** Task brief **
What is needed is the exact text of each line in the listing below from the one with "ALAIOR-P. This women's" up to and including the one with "11月16日(周二),因美国", and no pictures.

** Dataset extract **

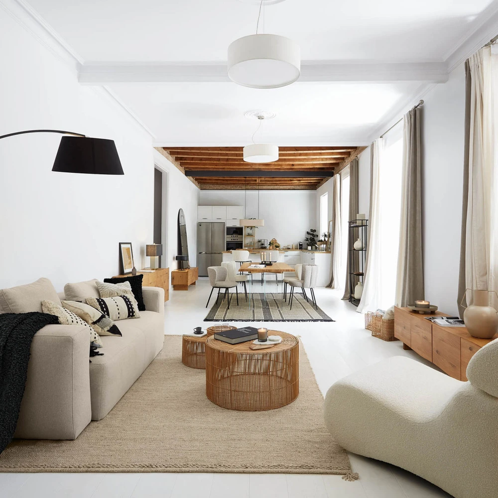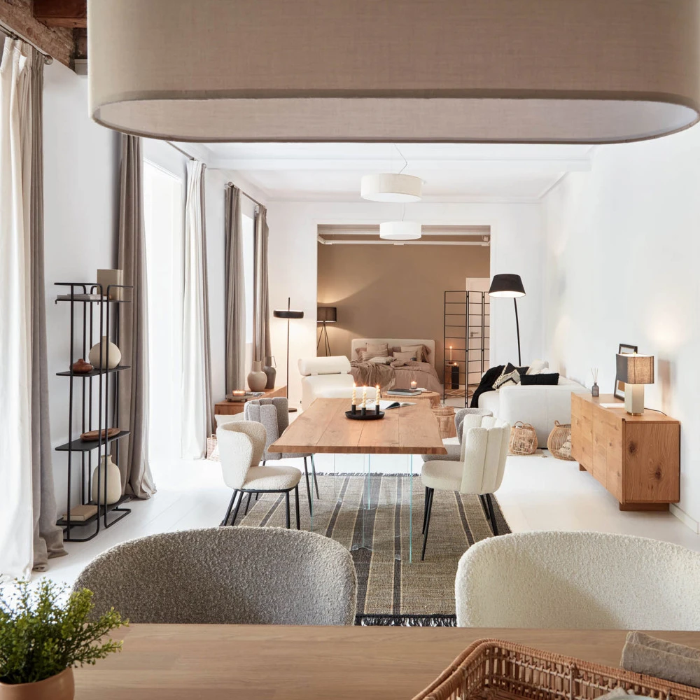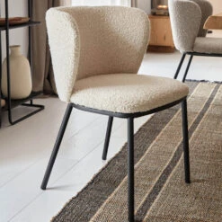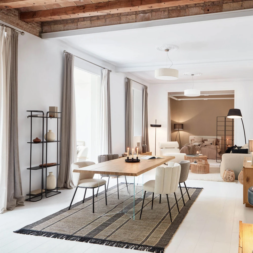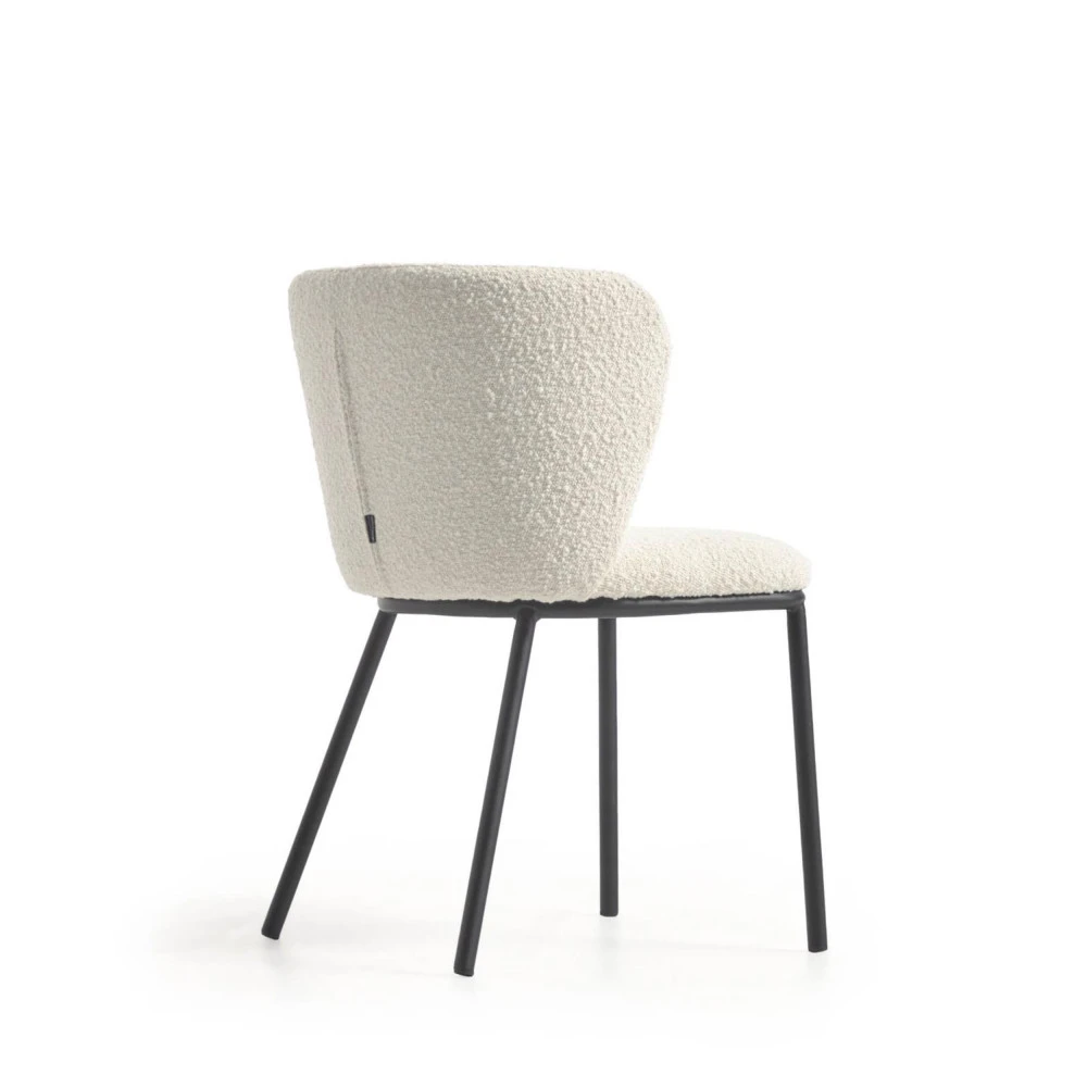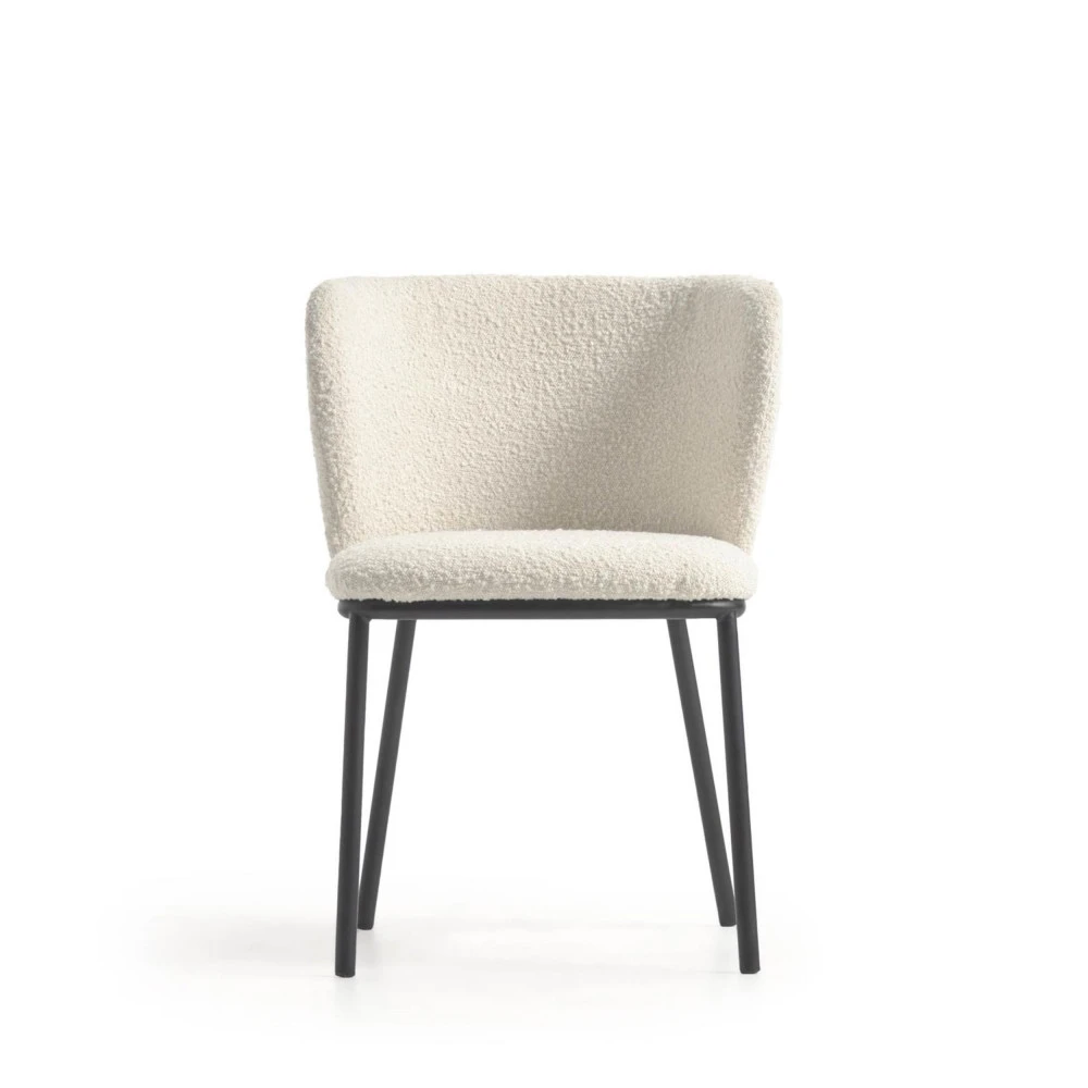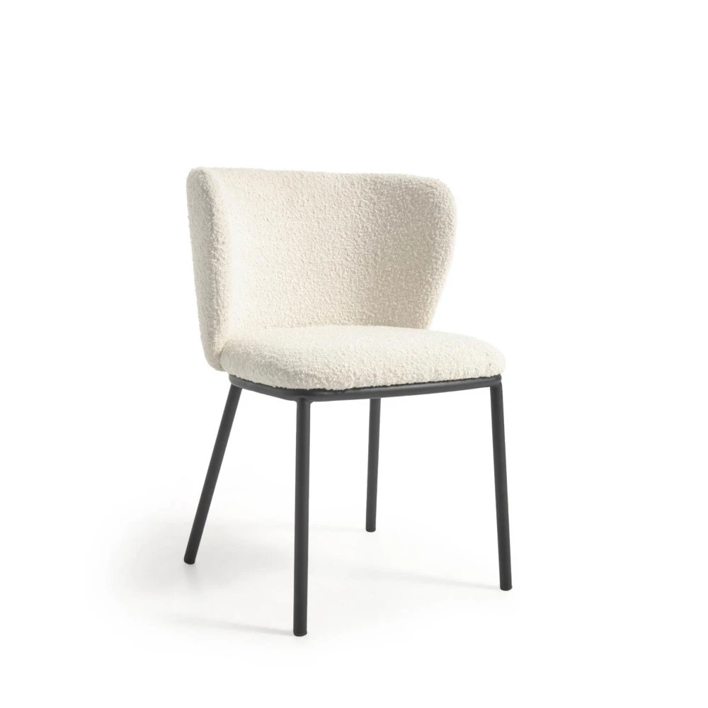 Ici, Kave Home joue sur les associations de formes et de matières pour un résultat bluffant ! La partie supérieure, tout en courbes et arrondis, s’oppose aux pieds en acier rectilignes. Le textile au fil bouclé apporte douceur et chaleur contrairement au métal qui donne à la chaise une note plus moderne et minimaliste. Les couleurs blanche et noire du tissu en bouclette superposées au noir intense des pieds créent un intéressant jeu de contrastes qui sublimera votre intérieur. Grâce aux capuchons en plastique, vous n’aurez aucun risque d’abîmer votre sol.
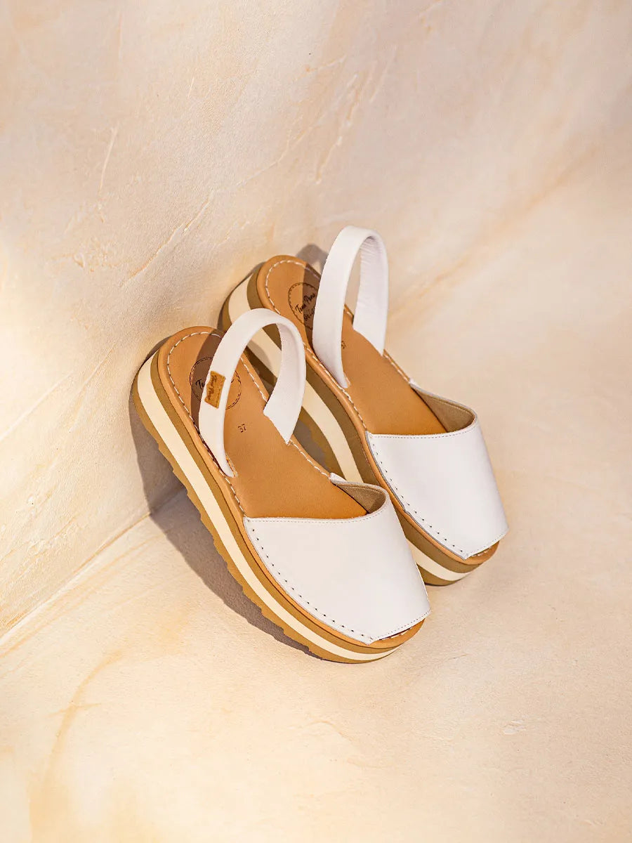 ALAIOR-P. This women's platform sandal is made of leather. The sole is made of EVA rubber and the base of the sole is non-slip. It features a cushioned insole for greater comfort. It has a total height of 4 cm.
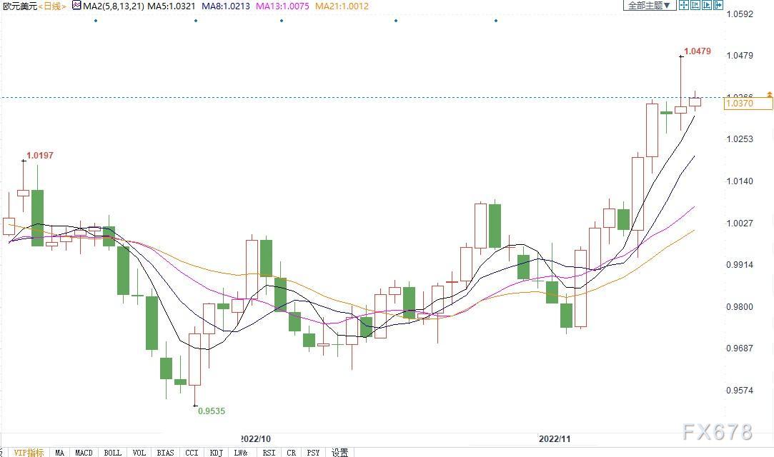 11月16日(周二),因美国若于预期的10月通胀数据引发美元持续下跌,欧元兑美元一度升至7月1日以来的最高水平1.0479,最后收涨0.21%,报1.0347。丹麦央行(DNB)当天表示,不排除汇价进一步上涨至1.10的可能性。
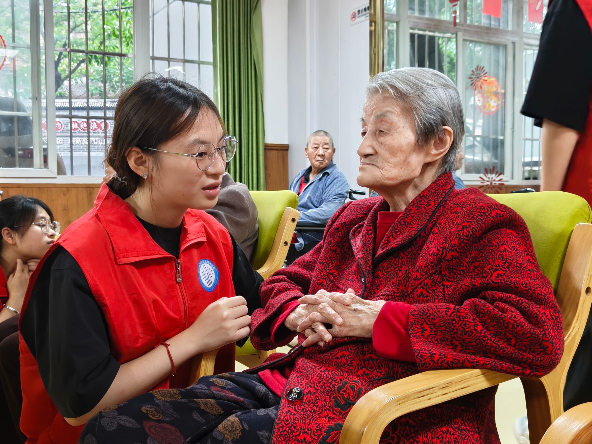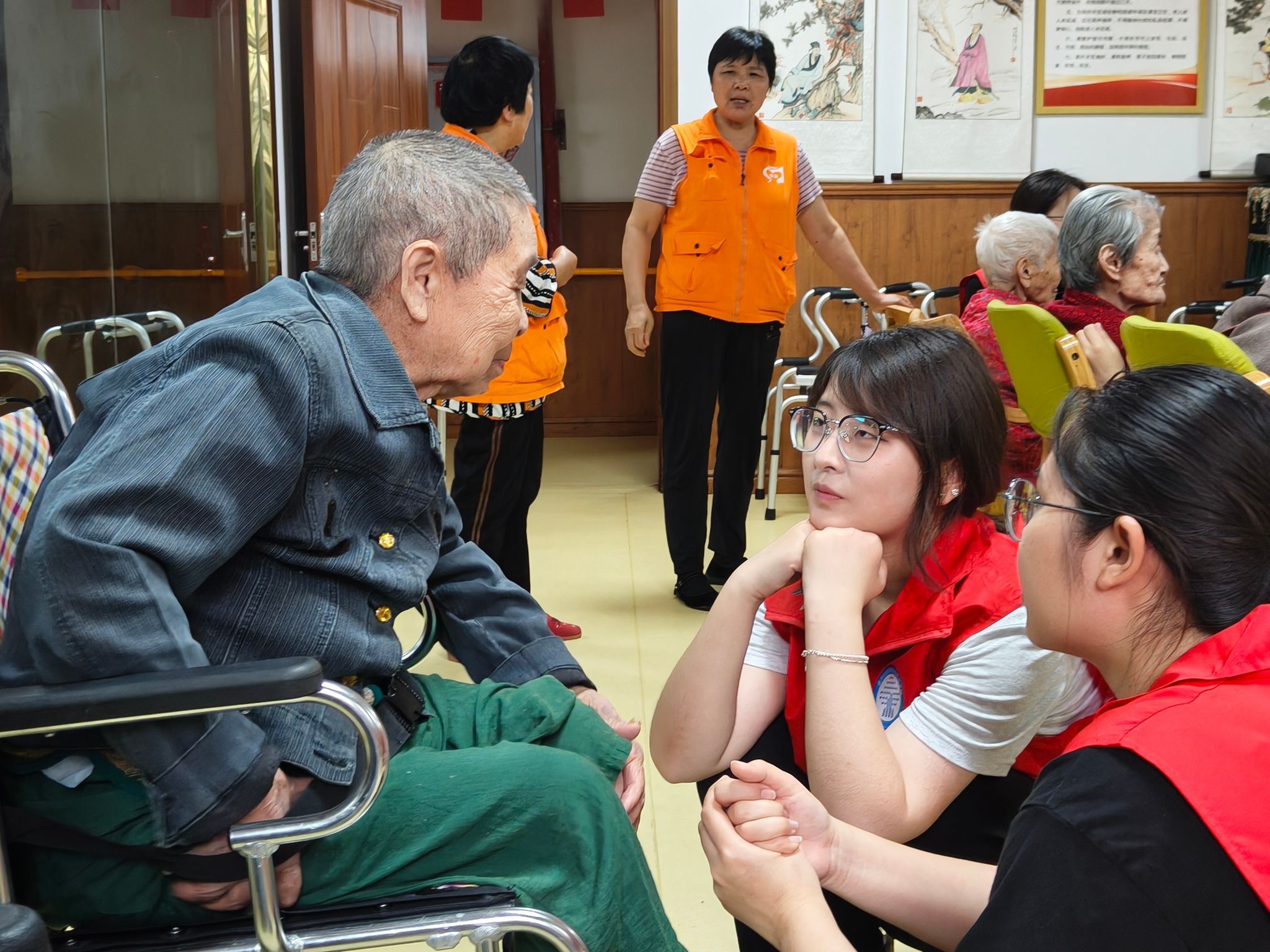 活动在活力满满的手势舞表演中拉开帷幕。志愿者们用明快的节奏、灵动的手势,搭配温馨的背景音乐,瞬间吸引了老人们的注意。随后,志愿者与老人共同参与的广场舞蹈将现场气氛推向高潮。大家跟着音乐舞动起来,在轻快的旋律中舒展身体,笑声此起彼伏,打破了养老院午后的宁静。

** Solution to this task **
 ALAIOR-P. This women's platform sandal is made of leather. The sole is made of EVA rubber and the base of the sole is non-slip. It features a cushioned insole for greater comfort. It has a total height of 4 cm.
 11月16日(周二),因美国若于预期的10月通胀数据引发美元持续下跌,欧元兑美元一度升至7月1日以来的最高水平1.0479,最后收涨0.21%,报1.0347。丹麦央行(DNB)当天表示,不排除汇价进一步上涨至1.10的可能性。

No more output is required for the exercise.